Chances are when you were a kid you had a few Corgi, Matchbox, Hotwheels or lesser known brand diecast cars scattered around your room (remember Majorette?), ready at any time for a quick lap of the rug or desktop. And chances are that over time your collection gradually disappeared via destruction (intentional or otherwise), misplacement or simple disinterest as life redirected your focus elsewhere. Many folks leave it at that, but others reconnect later in life to this childhood fascination and re enter the world of scale vehicles, usually with a more deliberate focus.

 

The original toy cars that we grew up with are often popular collecting subjects if you can track them down, some of which are now quite valuable, especially if they survived intact and boxed.

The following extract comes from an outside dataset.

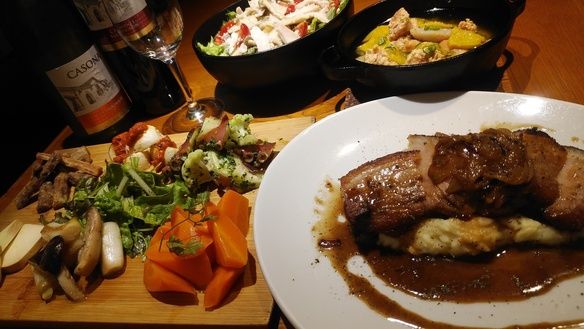 【前菜盛り合せ】 クリームチーズの蜜りんご醤油漬け まるみ豚生ハム 旬野菜のフリッタータ 季節野菜のピクルス のらぼう菜のマリネ 鱈のガーリックポテトディップ 【サラダ】 春野菜のサラダ 【アヒージョ】 桜エビとゴボウ、新じゃがのアヒージョ 峰屋バケット 【メイン】 宮崎まるみ豚ステーキ 東京オーブン名物ローストチキン

A 1971 purple Oldmobile 442 by Hotwheels can fetch up to $12,000, whilst a 1967 Matchbox Magirus Deutz Crane now goes for around $10,000.

The majority of old, used models can of course be picked up for a few dollars or less at second hand stores and markets, with nostalgia, not investment, often being the main purchasing motivation.

If scale precision and detail drives your hobby, companies such as Burago, AutoArt and BBR Models now produce a huge range of vehicles from the past and present that exhibit a realism in miniature that makes your childhood toys look positively crude. Such examples often include detailed elements accurately replicating alloy and wire wheels, engine bays and interiors, and even seat belt buckles and door handles. Produced in scales ranging from 1/64 to 1/18 prices can start at $20 and rise to $1000 depending on quality and numbers produced.

So whether you’re chasing that long lost childhood1960’s Matchbox Ford GT, trying to fill the gaps in your early production Hotwheels muscle car collection, or simply want a large scale recreation of the latest Lamborghini for your office desk, chances are you’ll find what you’re looking for within the thriving diecast model hobby network.